The GAP Foundation is currently pursuing a six-step process that will hopefully expedite trials and increase patient participation.

Recruitment: GAP is establishing a state-of-the-art online recruitment process for trial participants. The process will cover individuals ranging from pre-clinical and pre-symptomatic conditions to mild and moderate Alzheimer’s disease.

Expand High-Performing Sites: GAP is hoping to expand GAP-Net, an integrated platform of trial-ready, high-performing clinical trial sites. These sites are dedicated to shortening the duration of clinical trials. The network currently features 58 sites including Stanford University, University of California San Francisco, Compass Research, Raleigh Neurological Associates, University of Southern California, the Cleveland Clinic, Northwestern University, Emory University, the Mayo Clinic, Washington University, and Howard University.

Common IRB: Of the 58 sites included in GAP-Net, 47 academic and private sites all share the same Institutional Review Board (IRB). That makes GAP-Net the largest Alzheimer’s disease research network under a single IRB in the U.S. (and all of North America). That achievement alone allows GAP to deliver faster Alzheimer’s disease trial launches while also protecting the rights and safety of study participants.

Customized Recruitment: GAP is establishing a customized recruitment process that connects potential trial participants to GAP-Net research centers. The customized process also includes initiatives to increase community engagement, both live and online.

Increase Minority Participation: GAP is attempting to increase the level of clinical trial participation by Latino and African-American patients.
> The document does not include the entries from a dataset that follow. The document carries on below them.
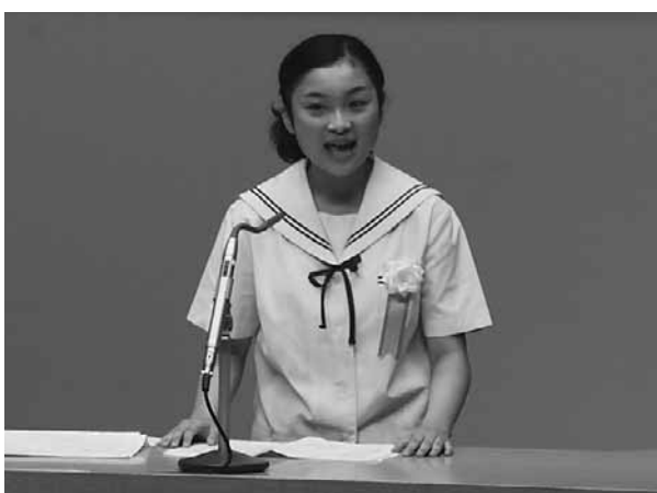
気持ちのこもった発表を披露
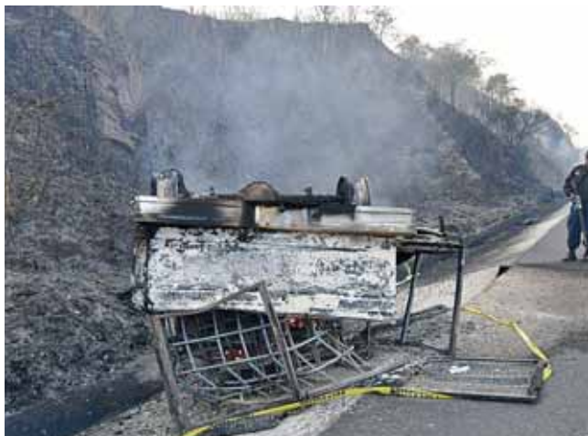
► En marzo de este año, una unidad de motor que llevaba combustible ilegal volcó y se calcinó en Matías Romero.
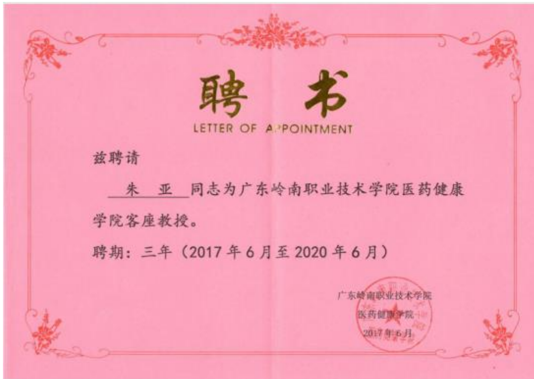
图 2：岭南学院聘请至信公司高管为学院客座教授

It will do so by establishing relationships between GAP-Net sites and the healthcare professionals serving those patient populations.

A New Digital Platform: GAP is also launching MemoryStrings.org, a digital platform that will connect GAP-Net researchers, research volunteers, caregivers, patient advocates, and local communities. The goal of the platform is to facilitate the inclusion of more Alzheimer’s patients into clinical trials.

New Approaches Reach Clinical Stage

The GAP news comes on the heels of a new report highlighting current innovation occurring in Alzheimer’s clinical trials. The report, Closing In On A Cure: 2017 Alzheimer’s Clinical Trials Report, notes there are currently 126 drugs in clinical development for those suffering from the effects of Alzheimer’s disease. The report was released by the Alzheimer’s Drug Discovery Foundation (ADDF).

While drugs targeting beta-amyloid remain the most prevalent, new drugs targeting inflammation, mitochondria, and neuroprotection are quickly gaining ground. The ADDF is funding these new approaches, and notes nearly 20 percent of the Alzheimer’s drugs now in clinical testing have received its support.

The report touches on other aspects of the current Alzheimer’s clinical pipeline, for instance:

  • There are a relatively small number of repurposed drugs being tested.
  • There has been a shift towards trials with earlier-stage patients.
  • Recruitment remains a persistent challenge with Alzheimer’s trials.
  • There is still a lack of validated biomarkers for innovative targets.
  • Half of the 126 Alzheimer’s treatments in clinical development are currently in Phase 2. Thirty-three are in Phase 1 while only 25 have made it to Phase 3 testing.
  • There are an additional 19 Drugs in clinical trials designated only to address symptoms experienced by Alzheimer’s patients. Those symptoms include agitation, depression, and insomnia.

GAP is a patient-centric, non-profit dedicated to speeding the delivery of innovative medicines to those in need by reducing the time and cost of Alzheimer’s disease clinical trials. Gap has formed a unique and growing network of 59 leading research centers across the U.S. and Canada to help optimize their operations.

ADDF was founded in 1998 and is the only philanthropy focused solely on accelerating the development of drugs to prevent and treat Alzheimer’s disease.